Are you saying that for some biochemical processes, simply having 2 reactants (substrates) collide with sufficient activation energy is NOT enough to start a reaction? Could this be because an enzyme combines the 2 in a way (an orientation) that is very unlikely to occur in a random collision, or is there something else?
 
mishima said:
Are you saying that for some biochemical processes, simply having 2 reactants (substrates) collide with sufficient activation energy is NOT enough to start a reaction? Could this be because an enzyme combines the 2 in a way (an orientation) that is very unlikely to occur in a random collision, or is there something else?

All I'm saying is that catalysis doesn't always work by reducing the activation energy for a given reaction. Other factors, like acidity or alkalinity, which do not depend on temperature, may be significant in whether a certain catalyst will be effective at increasing reaction rates.

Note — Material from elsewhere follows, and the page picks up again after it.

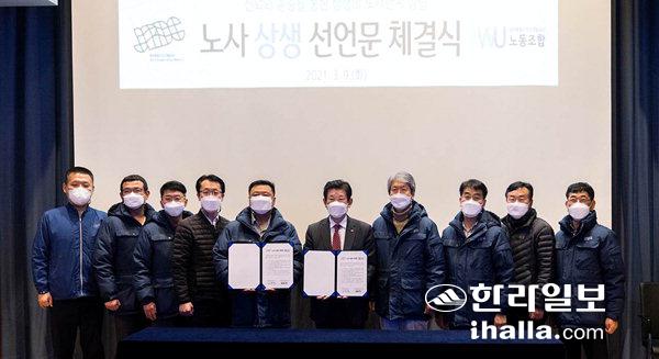 제주특별자치도개발공사(사장 김정학)와 제주개발공사 노동조합(위원장 허준석)은 지난 9일 제주시 조천읍 교래리 삼다수공장에서 창립 26주년 기념행사와 함께 노사 상생 선언문 체결식을 가졌다.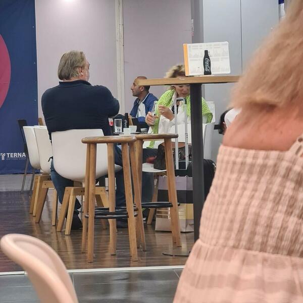 Brena i Boba su ostali da sede, čekajući svoj let za Crnu Goru, a za to vreme su gledali u telefone, pili vodu i razmenili poneku reč. Izgleda da ih je prilično umorilo čekanje, što se može zaključiti i po njihovim sumornim licima.

http://en.wikipedia.org/wiki/Catalysis
 
There are also cases where enzymes are important for their specificity in addition for their ability to perform catalysis. For example, many signalling processes within the cell are regulated by the transfer of a phosphate from ATP to a specific residue on a protein. If this process were occurring thermally, transfer of the phosphate from ATP to water would be the dominant reaction, so protein phosphorylation would almost never occur.

Furthermore, some essential metabolic reactions in the cell require enzymes. A good example is the synthesis of ATP from ADP and phosphate by ATP synthase. This reaction requires an enzyme in order to couple the energy from an electrochemical gradient to the thermodynamically unfavorable synthesis of ATP.
 
Agree with Ygggdrasil but would put it still more strongly: without the specificity properties of enzymes life is surely impossible and unimaginable. You could have reactions with unspecific catalysts but they would just be a mess, everything would degrade - in particular the example he gives phosphates would just transfer to water instead of being channeled (albeit everything obey thermodynamics and free energy decrease) to phosphorylation of other things, an example of the coupling of reactions that is really everything in biochemistry.